## WHAT THIS TASK INVOLVES
Apart from the images, reproduce all of the data word for word.

## SOURCE MATERIAL
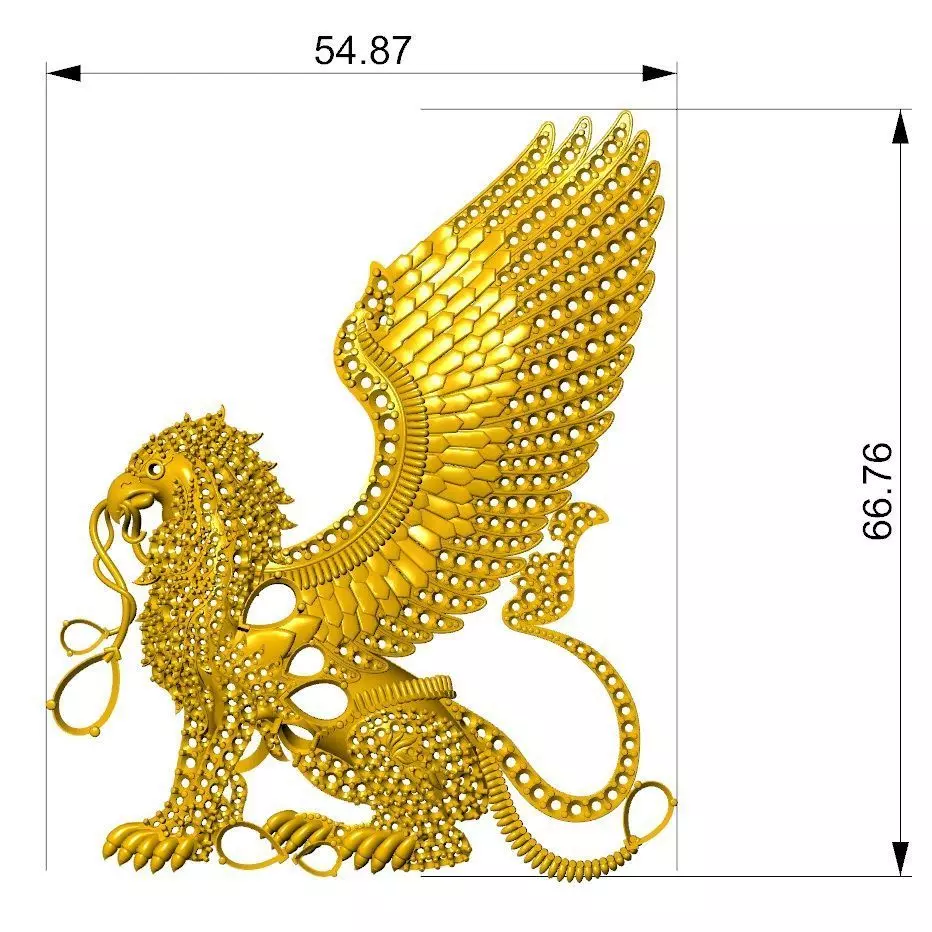 High-Detail Persian Griffin Jewelry 3D ModelThis is a premium, high-fidelity 3D model of a Persian Griffin, inspired by ancient Achaemenid art. Designed specifically for the luxury jewelry market, this model combines the majestic features of a lion and an eagle with intricate detailing and precision.Model Highlights:Artistic Design: Features a textured mane, detailed feather patterns on the wings, and a dynamic mythological pose.Production Ready: The mesh is clean, manifold, and optimized for high-resolution 3D printing (SLA/DLP/LCD).Gemstone Friendly: The body and wings are designed with pre-set holes for micro-pave stone setting, saving hours of CAD work for the bench jeweler.Versatility: Ideal for a large statement pendant, luxury brooch, or a decorative furniture ornament.Technical Specifications:Width: 54.87 mm (as shown in the dimension line).Geometry: High-poly for maximum detail retention during casting.File Formats: STL, OBJ,
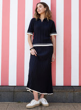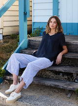 Slip into effortless evening comfort with our Short Sleeve Pyjama Set in Navy. This refined set pairs a short sleeve shirt with a long, full-length pant, finished with contrast satin binding and satin-covered buttons for an elevated touch.
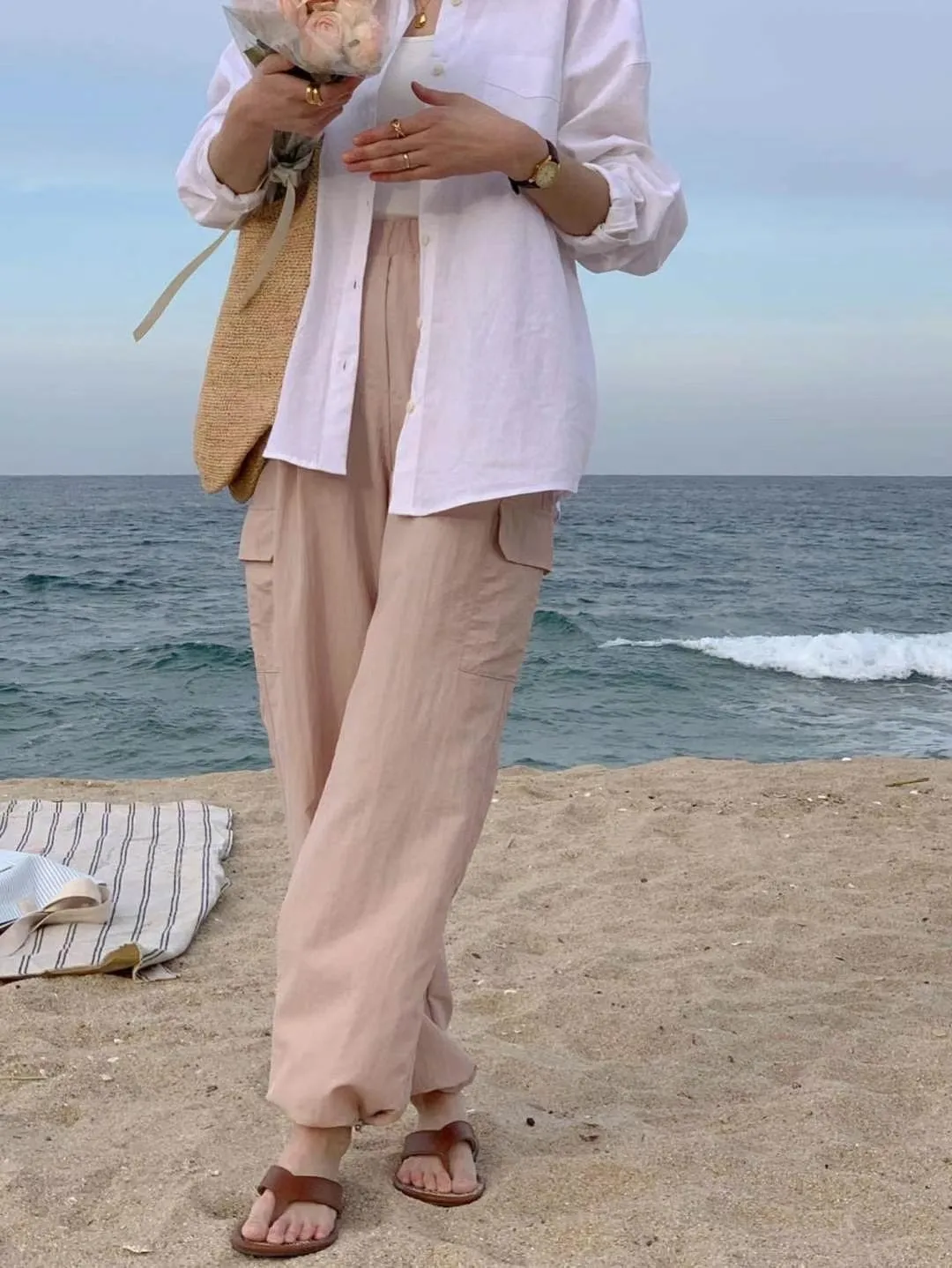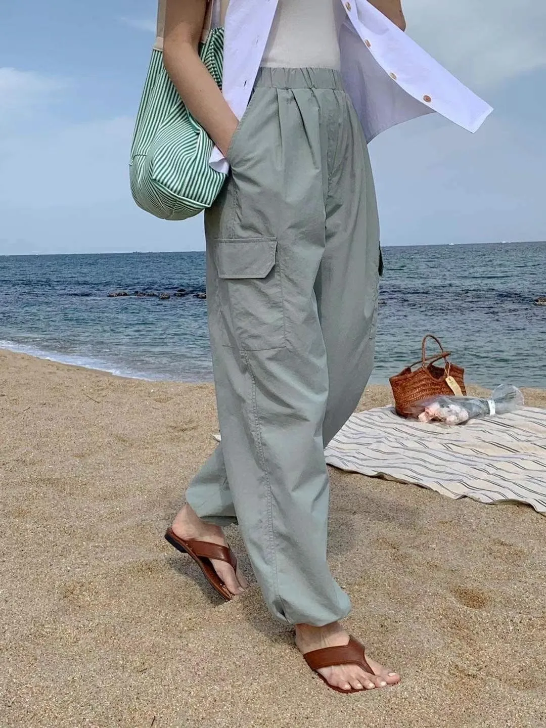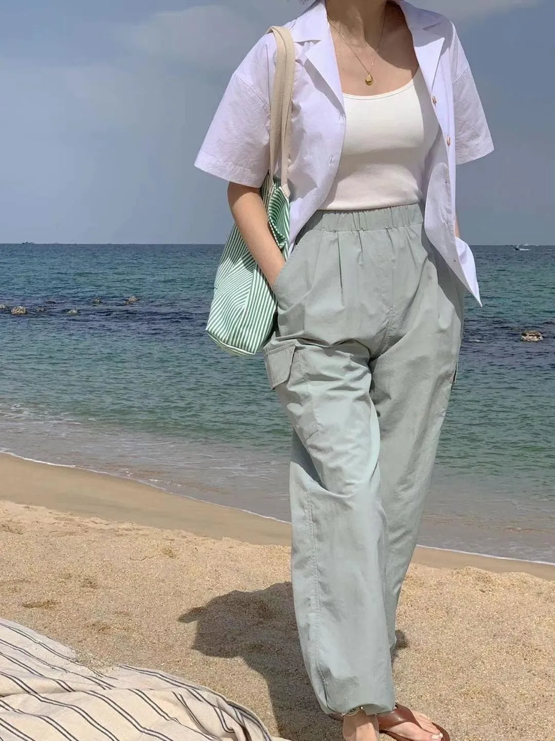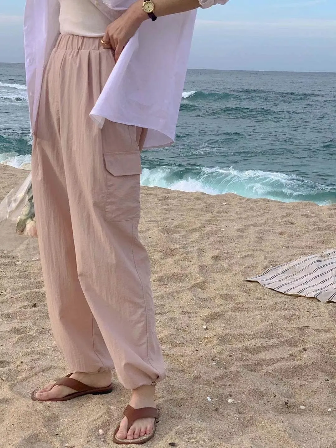 聚酯 薄款涼感 全腰鬆緊 有口袋 下擺抽繩 小L友善

## RESULT OF THE TASK
 High-Detail Persian Griffin Jewelry 3D ModelThis is a premium, high-fidelity 3D model of a Persian Griffin, inspired by ancient Achaemenid art. Designed specifically for the luxury jewelry market, this model combines the majestic features of a lion and an eagle with intricate detailing and precision.Model Highlights:Artistic Design: Features a textured mane, detailed feather patterns on the wings, and a dynamic mythological pose.Production Ready: The mesh is clean, manifold, and optimized for high-resolution 3D printing (SLA/DLP/LCD).Gemstone Friendly: The body and wings are designed with pre-set holes for micro-pave stone setting, saving hours of CAD work for the bench jeweler.Versatility: Ideal for a large statement pendant, luxury brooch, or a decorative furniture ornament.Technical Specifications:Width: 54.87 mm (as shown in the dimension line).Geometry: High-poly for maximum detail retention during casting.File Formats: STL, OBJ,
 Slip into effortless evening comfort with our Short Sleeve Pyjama Set in Navy. This refined set pairs a short sleeve shirt with a long, full-length pant, finished with contrast satin binding and satin-covered buttons for an elevated touch.
 聚酯 薄款涼感 全腰鬆緊 有口袋 下擺抽繩 小L友善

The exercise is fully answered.